En el cine, la sátira es un género muy espinoso de llevar a cabo con éxito. Requiere que director y espectadores conozcan, comprendan y compartan los referentes de los que se sirve aquélla; que éstos se hallen integrados en una premisa y una trama consistentes que sean algo más que una mera excusa para encadenar chistes; y, quizá lo más importante y difícil: encontrar el tono adecuado. Tanto un humor burdo como uno demasiado sutil y oscuro pueden desbaratar el propósito original: ridiculizar algo con propósito moralizador o lúdico. De vez en cuando y en el campo de la ciencia ficción, aparecen títulos ejemplares en este campo, como Héroes fuera de órbita (1999), pero lo más frecuente es encontrarse con intentos mediocres que se quedan a mitad de camino tras haber fallado en alguno de los puntos antedichos. Caso en cuestión: Las mujeres perfectas.

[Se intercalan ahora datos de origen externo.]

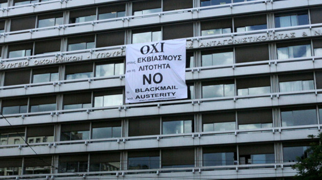 Πανό υπέρ του «ΟΧΙ» στο υπουργείο Οικονομικών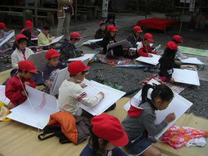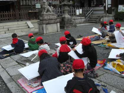 雨が今にも降り出しそうな日でしたが,写生に行ってきました。画板に画用紙を置いて,見て描く絵は初めてです。狛犬を描いたり建物を描いたり,描きたい場所を見つけて1時間ほどでしたが,集中して,描き上げました。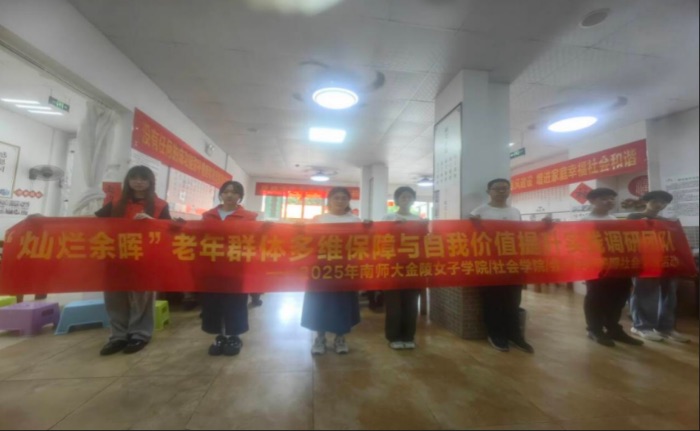 7月9日上午,陽光明媚,微風和煦。南京師范大學“燦爛余暉”實踐團隊小分隊7位同學走進江寧雨花敬老家園,開展“燦爛余暉”暑期實踐活動。活動通過線下宣講、游戲互動、問卷調查等形式,為老人送去知識、活力與歡樂,也讓學生深刻體會到“老吾老以及人之老”的內涵,明白青年人肩負起的社會責任。

Joanna Eberhard (Nicole Kidman) es una alta ejecutiva de la cadena de television EBS. Después de que uno de los realities que produjo descarrilara a raíz de que uno de los concursantes, disgustado y en pleno ataque de nervios, empezara a disparar al público de una gala, es despedida y cae en una depresión. Su marido, Walter (Matthew Broderick), deja su trabajo en la misma cadena y toma la decisión de que la familia (que se completa con dos hijos) ha de cambiar de aires. Y el lugar elegido como nuevo hogar en el que encontrar una nueva dirección y salvar el matrimonio es Stepford, un pueblo de Connecticut custodiado por seguridad privada y cuyos residentes son todos de alto standing.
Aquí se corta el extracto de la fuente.